━━━━━ LISTED ENTRIES ━━━━━

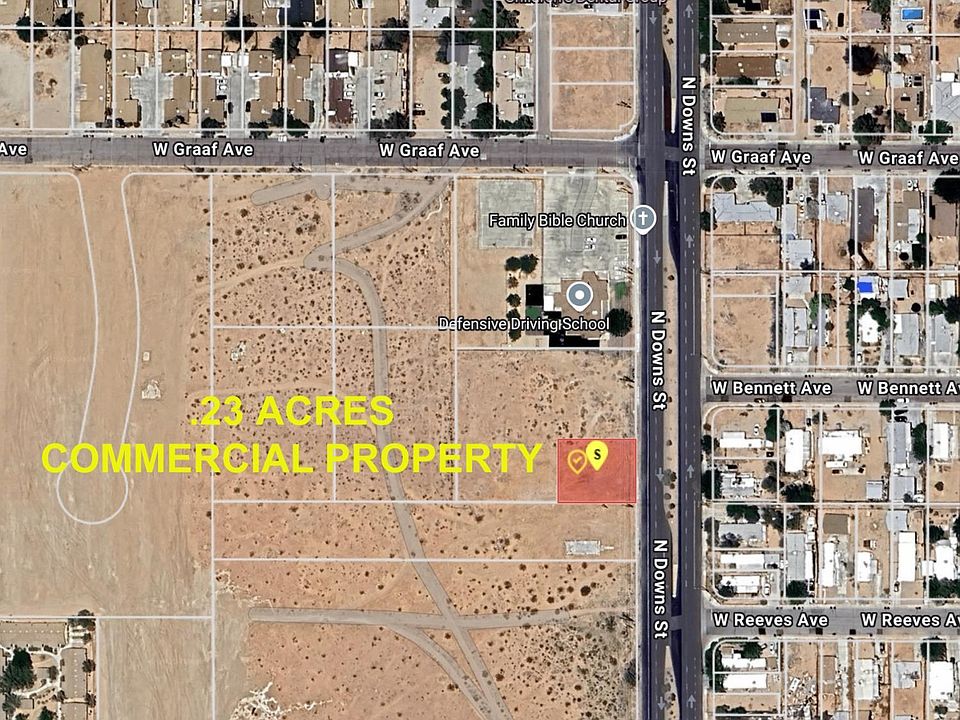 Owner will carry! Prime commercial property in the heart of Ridgecrest.This property has 8'' curbs and gutters with a driveway approaching . Survey completed with all corners professionally marked. Topographical map will be provided to the new buyer.There is a water meter on the property that cost $9174. If the new buyer wishes to upgrade the water meter they will be credited the $9174 towards a larger meter by the water company. There is a 4 sewer lateral to the property which was paid for and is currently valued at $5000. Buyer to verify all information provided herein including but not limited to current and future zoning, size, net size, dimensions, topography, easements, access, use, building permits, fees, approved uses and utility availability and costs..Buyers are advised to go to all the appropriate county agencies including Planning and Building & Safety to ascertain information pertaining to the subject\\property. This property is one of three adjacent properties available.
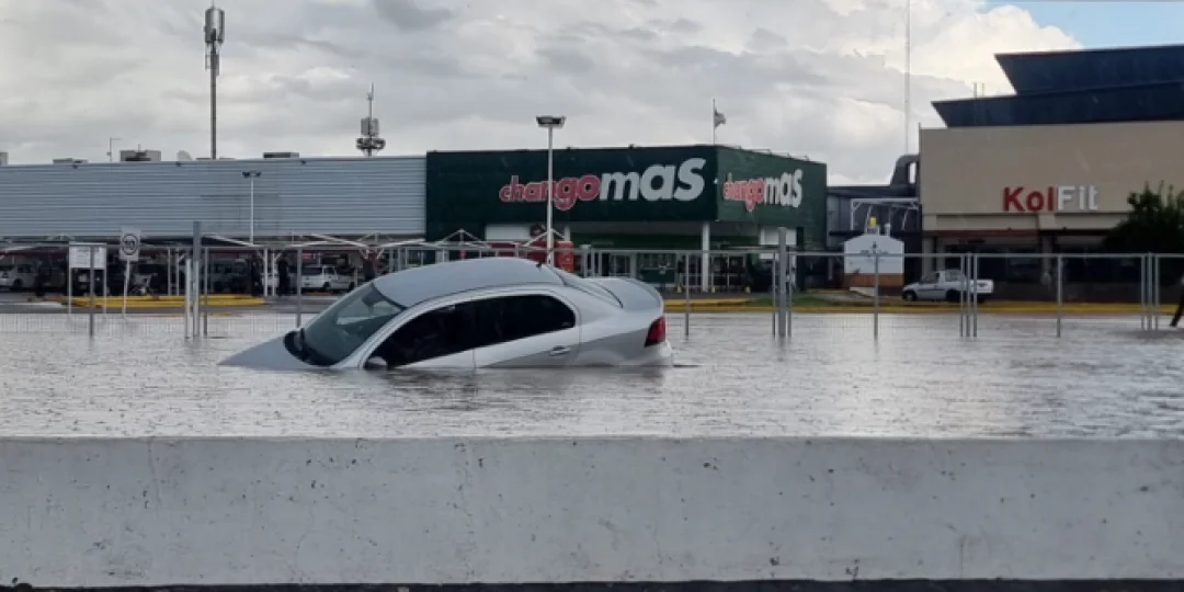 Un automóvil quedó hundido en el agua que se estancó rápidamente frente a un supermercado en la intersección de las calles Maza y Mitre. Foto Rodrigo Cuello
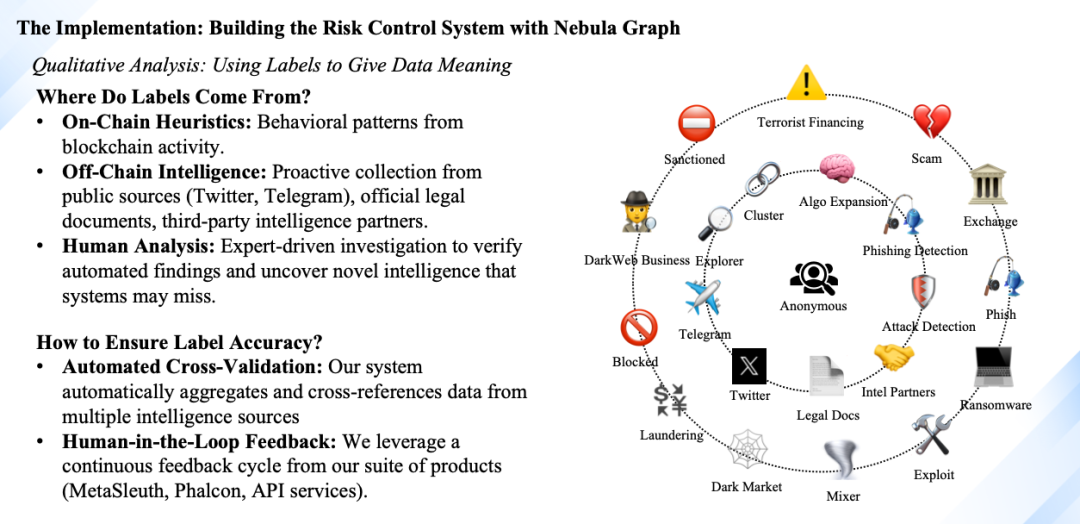 链上启发式(On-Chain Heuristics):分析区块链上的行为模式,构建钓鱼检测引擎和攻击检测引擎,对钓鱼地址和攻击交易进行识别。 链下情报(Off-Chain Intelligence):从公开渠道收集信息,包括社交媒体(Twitter, Telegram)、官方法律文件以及与第三方情报合作伙伴的协作。如果一个地址被官方机构列为制裁对象,或在公开社区被广泛确认为黑客攻击者,就会被打上相应标签。 人工分析(Human Analysis):作为自动化系统的重要补充,专家团队进行深入调查,验证自动化发现,并发现系统可能遗漏的新型、复杂的犯罪模式。
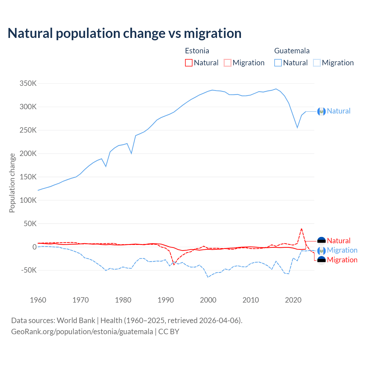 Over the last 10 years, 26.1% of the population change in Estonia is from natural causes (a loss of 27,683 people) and 73.9% is from migration (a gain of 78,553 people). In Guatemala 89.8% is from natural causes (a gain of 3,077,847 people) and 10.2% is from migration (a loss of 347,818 people).
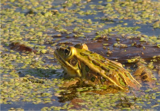 Wildlife presents us with plenty of compositional problems, as well as light. I could have attempted to get in the water with this Leopard Frog for a front view picture. I have done that before. There are some problems with that. First of all my waders were at home and I really didn’t feel like taking a river bath on this day. Secondly, this is the Rock River at Horicon Marsh NWR and there is a drop off near this frog. Most importantly, my subject would have been almost back-lit instead partially side lit. I made the best composition possible under the circumstances. I used the power point/rule of thirds concept and was satisfied that I had done all I could.
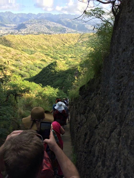We did a hike across the island that many people said was a good hike. It was a good hike, but it was also a strenuous and challenging hike. Steep, slippery slopes, across rocks and streams, through narrow passages where you had to climb over and under tree trunks, and down steep ridges with ropes. It took about 4 hours to do it, but we came out of the other side caked with mud, sweaty, but pretty satisfied with ourselves. The view from the top of the hike, by the Needle, was worth it.
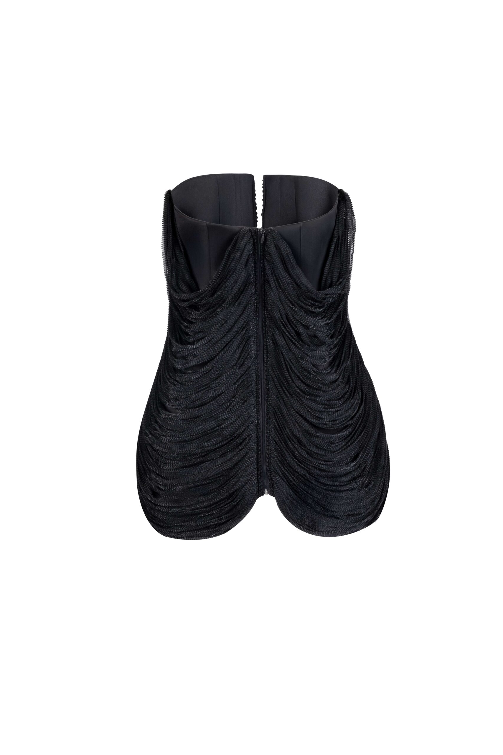 Introducing a refined expression of modern romance, this razmir satin top features an open-bust butterfly silhouette accented with sculptural draped cords.
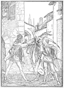 Then each of the three fell deeply in love with her, and began to say how much he longed to have her for his wife! Scarcely had the wish been spoken, than each broke out into a great rage with the others, for wanting to have poor Cherry, who could only be wife to one of them. At last all drew their swords, and a dreadful battle began. The fight lasted long, and their rage grew hotter and hotter, when at length the old fairy, to whom the garden belonged, hearing the uproar, came to her gate to know what was the matter. Finding that it was all about her fair neighbour, her old spite for the loss of the cherries broke forth at once, worse than ever. "Now then," said she, "I will have my revenge"; and in her rage she wished Cherry turned into an ugly frog, and sitting in the water, under the bridge at the world's end. No sooner said than done; and poor Cherry became a frog, and vanished out of their sight. The princes now had nothing to fight for; so, sheathing their swords again, they shook hands as brothers, and went on towards their father's home.
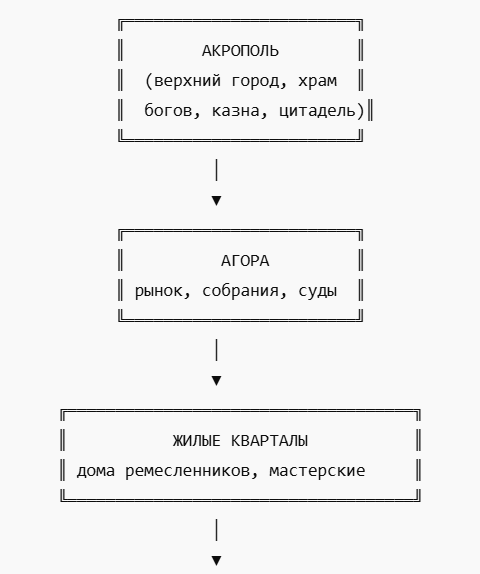 2. На основе текста параграфа нарисуйте схему типичного греческого полиса, обозначив на ней его основные части, такие как агора, акрополь, сельская округа и т. д.
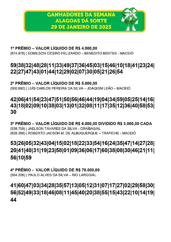 Confira abaixo os premiados no Alagoas dá Sorte deste domingo, dia 29 de janeiro de 2023.
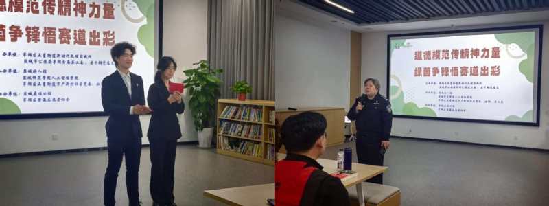 分享环节,多元艺术形式交织成精神传承的青春画卷。人工智能学院两名学子主动登台,深情朗诵原创作品《微光成炬——致敬“中国好人”田士华》,用同龄人的声音讲述身边榜样的平凡伟岸。当听到“你是一束光,照亮我们奔跑的路”时,全场掌声雷动。此外,家庭散文朗诵《足球的别名叫“冷门”》、医护人员的《新鹿试剑气干云》以及全国交通运输系统劳动模范孙伟的岗位自述,共同构筑起多维度、有温度的价值引领课堂。亭湖分局关工委刘婵在总结讲话中以《人生赛道争出彩》为题,勉励青年学生在各自赛道上奋力奔跑追求卓越。
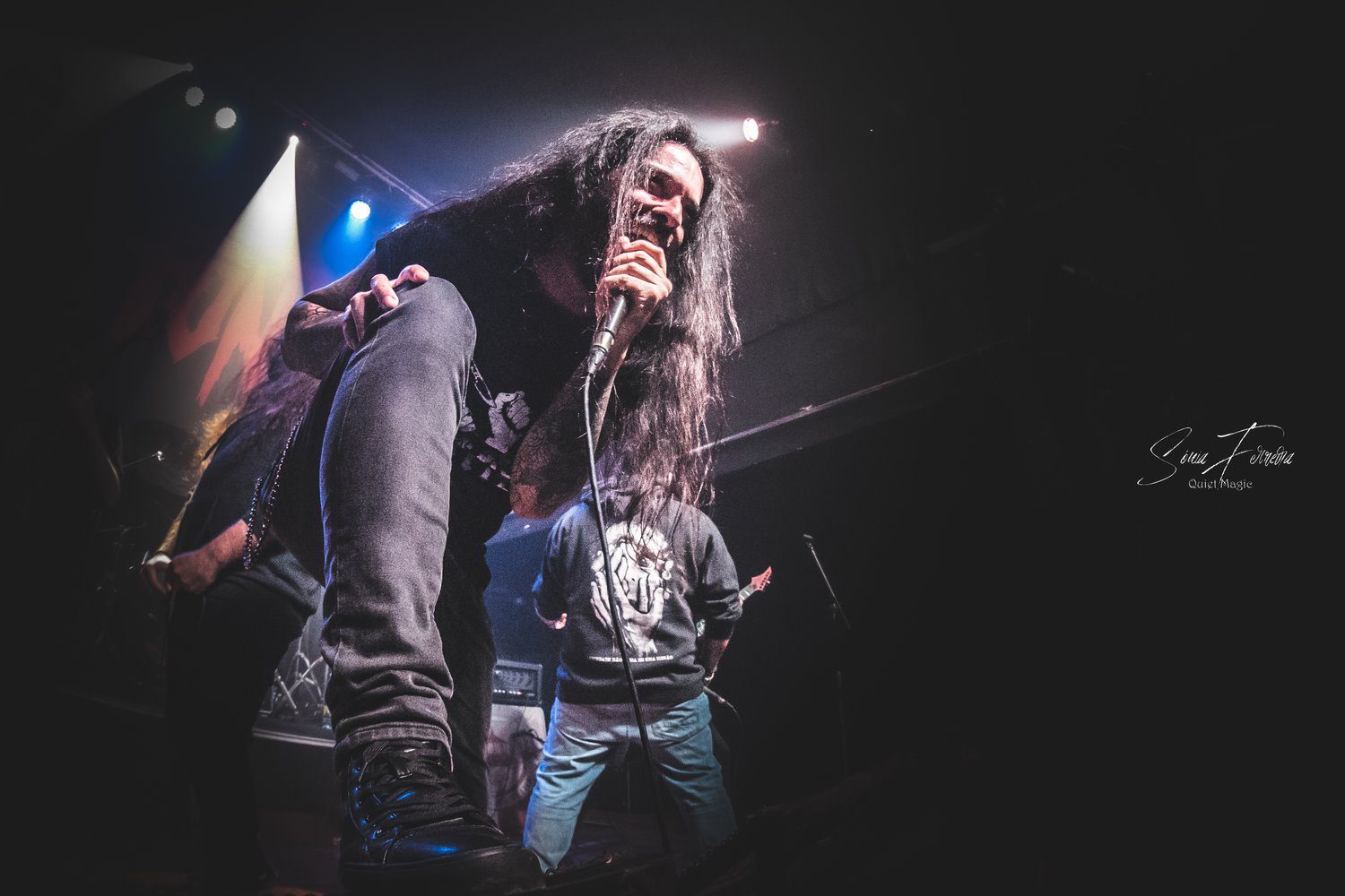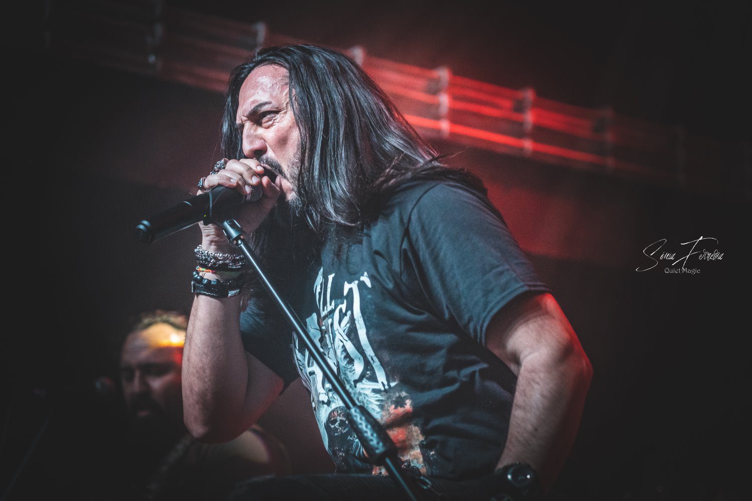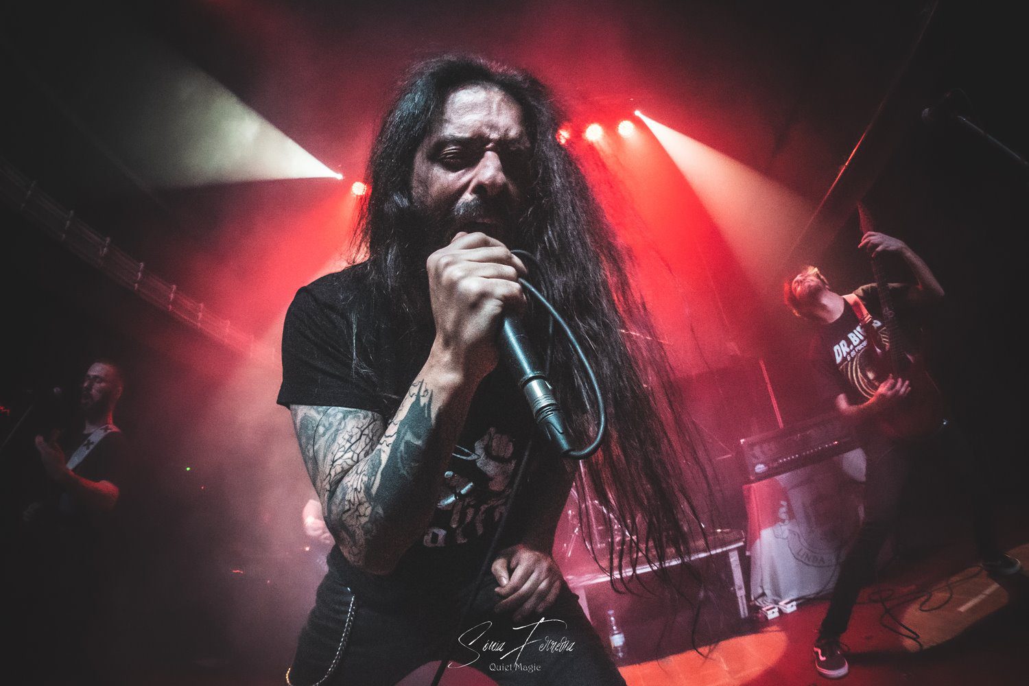 Num ponto diferente da carreira, mas afirmando-se também uma banda que tem tido um interessante percurso na cena nacional, subiram ao palco os ALL AGAINST. Mais uma prova da persistência e perseverança necessárias para quem quer fazer música pesada neste jardim da Europa à beira-mar plantado. Quando estavam a trabalhar na composição de «The Day Of Reckoning», ficaram sem vocalista, num golpe que poderia ter sido fatal. Sem desistir, encontraram o sucessor à altura na figura de Henrique Martins, que lhes permitiu encontrarem mais um ponto alto na sua carreira. Como seria esperado, o foco foi mesmo o já mencionado álbum de originais lançado precisamente naquele dia pela Amazing Records que foi tocado na íntegra, embora o início tenha sido mesmo com um regresso ao passado e a junção de «Weapons Of Mass Distraction (WMD)» com «Medusa». Este novo capítulo vê a banda apostada em continuar a evoluir e a tornar o seu som mais trabalhado, mas sem nunca perder de vista as letras de consciência social assim como a abordagem mais moderna ao thrash. Apesar da intensidade da música em cima do palco, e das instigações por parte de Henrique Martins, o público estava algo tímido, mas a recepção foi bem positiva.

━━━━━

Transcribe all of the records above character for character. Exclude the pictures.

 Owner will carry! Prime commercial property in the heart of Ridgecrest.This property has 8'' curbs and gutters with a driveway approaching . Survey completed with all corners professionally marked. Topographical map will be provided to the new buyer.There is a water meter on the property that cost $9174. If the new buyer wishes to upgrade the water meter they will be credited the $9174 towards a larger meter by the water company. There is a 4 sewer lateral to the property which was paid for and is currently valued at $5000. Buyer to verify all information provided herein including but not limited to current and future zoning, size, net size, dimensions, topography, easements, access, use, building permits, fees, approved uses and utility availability and costs..Buyers are advised to go to all the appropriate county agencies including Planning and Building & Safety to ascertain information pertaining to the subject\\property. This property is one of three adjacent properties available.
 Un automóvil quedó hundido en el agua que se estancó rápidamente frente a un supermercado en la intersección de las calles Maza y Mitre. Foto Rodrigo Cuello
 链上启发式(On-Chain Heuristics):分析区块链上的行为模式,构建钓鱼检测引擎和攻击检测引擎,对钓鱼地址和攻击交易进行识别。 链下情报(Off-Chain Intelligence):从公开渠道收集信息,包括社交媒体(Twitter, Telegram)、官方法律文件以及与第三方情报合作伙伴的协作。如果一个地址被官方机构列为制裁对象,或在公开社区被广泛确认为黑客攻击者,就会被打上相应标签。 人工分析(Human Analysis):作为自动化系统的重要补充,专家团队进行深入调查,验证自动化发现,并发现系统可能遗漏的新型、复杂的犯罪模式。
 Over the last 10 years, 26.1% of the population change in Estonia is from natural causes (a loss of 27,683 people) and 73.9% is from migration (a gain of 78,553 people). In Guatemala 89.8% is from natural causes (a gain of 3,077,847 people) and 10.2% is from migration (a loss of 347,818 people).
 Wildlife presents us with plenty of compositional problems, as well as light. I could have attempted to get in the water with this Leopard Frog for a front view picture. I have done that before. There are some problems with that. First of all my waders were at home and I really didn’t feel like taking a river bath on this day. Secondly, this is the Rock River at Horicon Marsh NWR and there is a drop off near this frog. Most importantly, my subject would have been almost back-lit instead partially side lit. I made the best composition possible under the circumstances. I used the power point/rule of thirds concept and was satisfied that I had done all I could.
We did a hike across the island that many people said was a good hike. It was a good hike, but it was also a strenuous and challenging hike. Steep, slippery slopes, across rocks and streams, through narrow passages where you had to climb over and under tree trunks, and down steep ridges with ropes. It took about 4 hours to do it, but we came out of the other side caked with mud, sweaty, but pretty satisfied with ourselves. The view from the top of the hike, by the Needle, was worth it.
 Introducing a refined expression of modern romance, this razmir satin top features an open-bust butterfly silhouette accented with sculptural draped cords.
 Then each of the three fell deeply in love with her, and began to say how much he longed to have her for his wife! Scarcely had the wish been spoken, than each broke out into a great rage with the others, for wanting to have poor Cherry, who could only be wife to one of them. At last all drew their swords, and a dreadful battle began. The fight lasted long, and their rage grew hotter and hotter, when at length the old fairy, to whom the garden belonged, hearing the uproar, came to her gate to know what was the matter. Finding that it was all about her fair neighbour, her old spite for the loss of the cherries broke forth at once, worse than ever. "Now then," said she, "I will have my revenge"; and in her rage she wished Cherry turned into an ugly frog, and sitting in the water, under the bridge at the world's end. No sooner said than done; and poor Cherry became a frog, and vanished out of their sight. The princes now had nothing to fight for; so, sheathing their swords again, they shook hands as brothers, and went on towards their father's home.
 2. На основе текста параграфа нарисуйте схему типичного греческого полиса, обозначив на ней его основные части, такие как агора, акрополь, сельская округа и т. д.
 Confira abaixo os premiados no Alagoas dá Sorte deste domingo, dia 29 de janeiro de 2023.
 分享环节,多元艺术形式交织成精神传承的青春画卷。人工智能学院两名学子主动登台,深情朗诵原创作品《微光成炬——致敬“中国好人”田士华》,用同龄人的声音讲述身边榜样的平凡伟岸。当听到“你是一束光,照亮我们奔跑的路”时,全场掌声雷动。此外,家庭散文朗诵《足球的别名叫“冷门”》、医护人员的《新鹿试剑气干云》以及全国交通运输系统劳动模范孙伟的岗位自述,共同构筑起多维度、有温度的价值引领课堂。亭湖分局关工委刘婵在总结讲话中以《人生赛道争出彩》为题,勉励青年学生在各自赛道上奋力奔跑追求卓越。
 Num ponto diferente da carreira, mas afirmando-se também uma banda que tem tido um interessante percurso na cena nacional, subiram ao palco os ALL AGAINST. Mais uma prova da persistência e perseverança necessárias para quem quer fazer música pesada neste jardim da Europa à beira-mar plantado. Quando estavam a trabalhar na composição de «The Day Of Reckoning», ficaram sem vocalista, num golpe que poderia ter sido fatal. Sem desistir, encontraram o sucessor à altura na figura de Henrique Martins, que lhes permitiu encontrarem mais um ponto alto na sua carreira. Como seria esperado, o foco foi mesmo o já mencionado álbum de originais lançado precisamente naquele dia pela Amazing Records que foi tocado na íntegra, embora o início tenha sido mesmo com um regresso ao passado e a junção de «Weapons Of Mass Distraction (WMD)» com «Medusa». Este novo capítulo vê a banda apostada em continuar a evoluir e a tornar o seu som mais trabalhado, mas sem nunca perder de vista as letras de consciência social assim como a abordagem mais moderna ao thrash. Apesar da intensidade da música em cima do palco, e das instigações por parte de Henrique Martins, o público estava algo tímido, mas a recepção foi bem positiva.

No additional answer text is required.